It’s time to head outdoors

min read

The improved learning that comes with spending time outside.

Guest Blog by Dr Andrew Rochford

I love the outdoors. Always have. As a kid I didn’t think much of it. It’s just what we did. Wake up. Eat breakfast and go outside. I definitely didn’t do it to make me better at school. I did it for the fun.

Whether it was exploring, playing, helping in the garden whatever, it didn’t matter as long it was outside, and I was having fun. But it would seem that dirty knees and good times wasn’t all I was getting out of the time I spent outdoors.

It is essential that children, especially the young, get frequent and regular opportunities to explore and learn in the outdoor environment. In recent years there has been a cultural shift in our society that has reduced the access and use of the outdoors for many young children. Contributing factors include increased fear amongst adults in relation to children’s safety and technology leading to an overwhelming prominence of more time spent sedentary indoors watching television or playing computer games. But there are some pretty powerful arguments for taking every opportunity to send the kids outdoors, and a lot of them aren’t just about the physical benefits, they are also about the learning and concentration.

Children greatly benefit developmentally from being outdoors. Outdoor education and play support emotional, behavioural and intellectual development. Studies have shown that children who play and learn outdoors develop: a sense of self, independence, confidence, creativity, decision-making and problem-solving skills, empathy towards others, motor skills, self-discipline and initiative.

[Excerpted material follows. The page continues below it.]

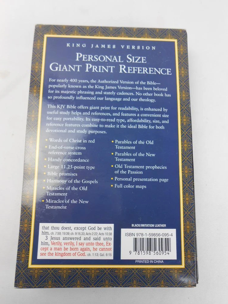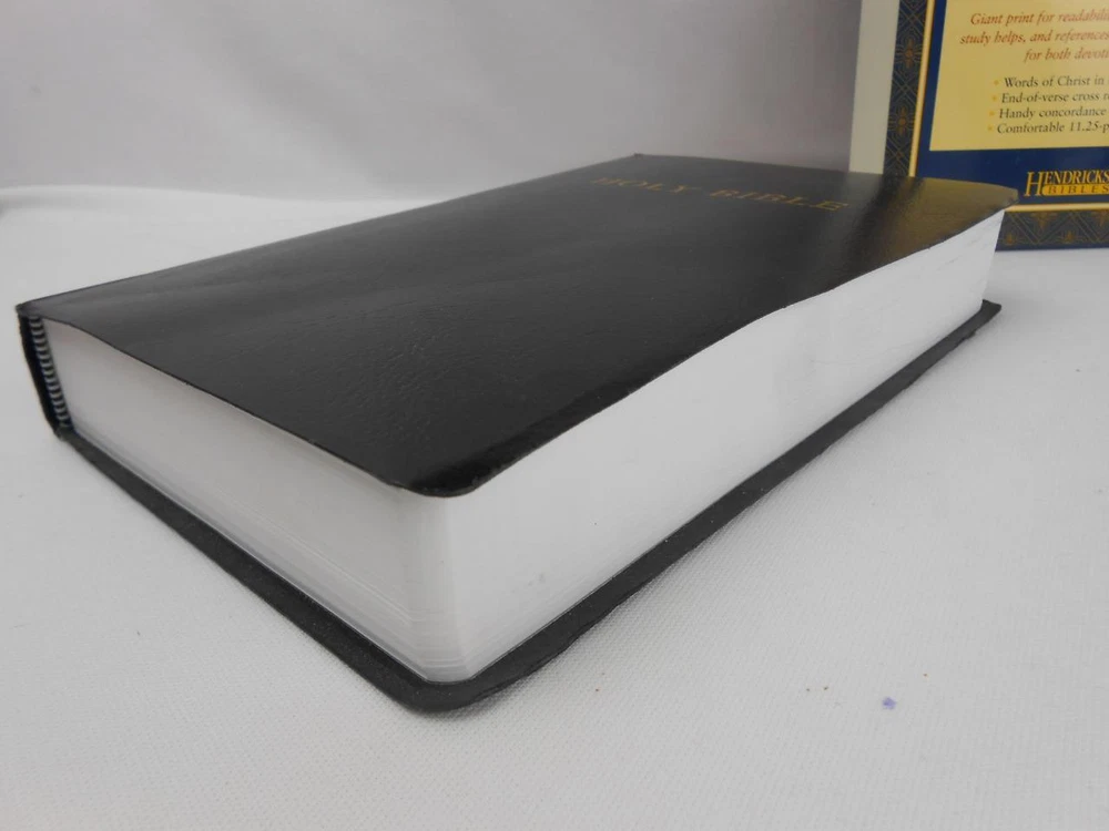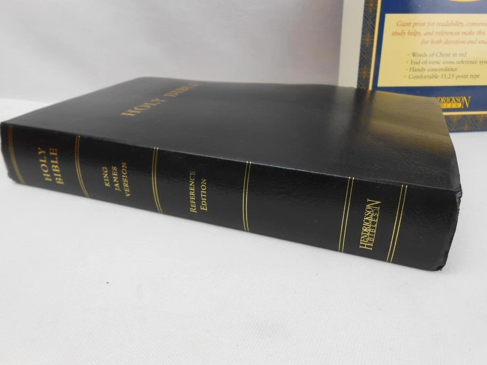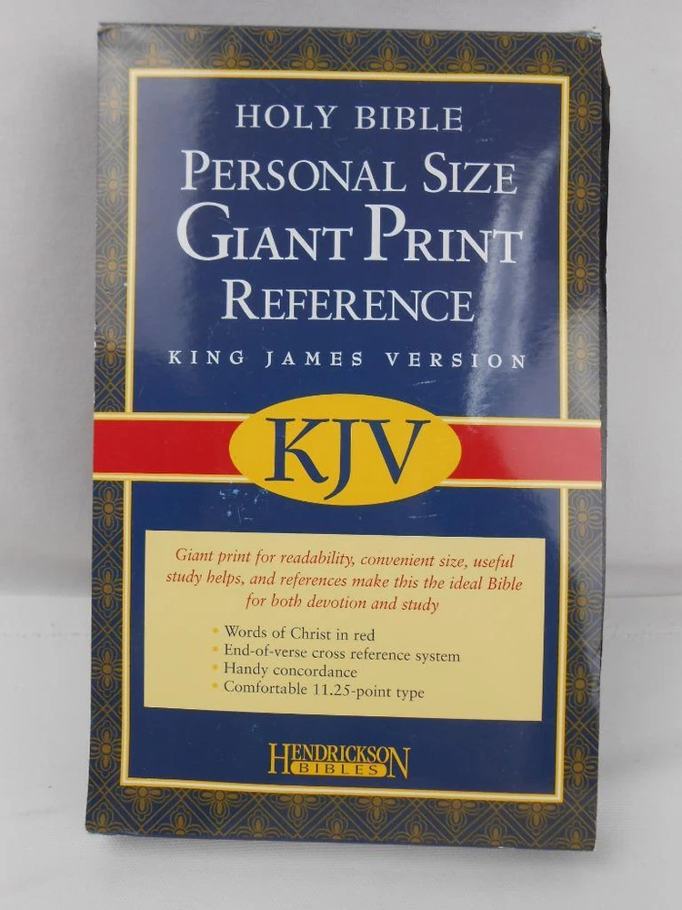Hendrickson KJV Holy Bible- Personal Size- Giant Printer - Reference/Concordance Hendrickson KJV Holy Bible- Personal Size- Giant Printer - Reference/Concordance Click images to enlarge Description This listing is for a NEW- unused Hendrickson Holy Bible King James Version (KJV) Personal Size Giant Print Reference & Concordance Black faux leather cover Please view the pictures carefully as they are part of the description. If you need additional pictures or information please contact me. NOTE: I do offer shipping discounts for multiple items purchased, so make sure and browse through my store for other great finds. Payment Paypal Only!! Shipping I try to use the fastest,most economical forms of shipping. If you would like another method that is not listed as an option, please contact me for shipping costs. Please note that for package less than 2 lbs it is as inexpensive to ship Priority Mail as it is Parcel Post (plus you get it much faster!) International Customers: Please note that the least expensive means of shipping is 1st Class. However, it is not always possible to track. Please understand that most delays are due to customs. The seller is not responsible for additional fees such as tarriffs or customs . About Us I will always try to describe items accurately...ship economically....pack items carefully and respond quickly. Please feel free to contact me any time with questions or concerns. Before leaving 1 or 2 star ratings, please contact me as I want you to have a 5 star experience! I do appreciate your business! Contact Us Please feel free to contact me through Ebay. Please let me know of ANYTHING you are unhappy about as I will do my best to make things right! Pictures sell! Auctiva offers Free Image Hosting and Editing. 300+ Listing Templates! Auctiva gets you noticed! The complete eBay Selling Solution.

Other benefits for kids spending time outdoors include:

Increased development of effective and inquisitive thinking along with problem-solving approaches in ‘real’ situations
Development of resilience and adaptability in occasionally adverse circumstances
It allows children to become more able to identify hazards and risks
They develop a love, appreciation and respect for nature and all that is living and a better understanding of how we can look after our environment
Develop self-awareness, confidence and self-esteem
Develop games that encourage collaborative-working and communication skills

So as much as that’s a very encouraging list and we all want our kids to go into well rounded, healthy, intelligent, caring humans that perform well in school, there’s a lot more to being outdoors than just that. Anyone who has flung open the doors following a week of rain to see their kids bound outside into the sun, splashing around in the remaining mud will admit it’s hard to top the pure enjoyment, sense of wonder and excitement that is generated. In those moments I reckon its best to focus on the fun.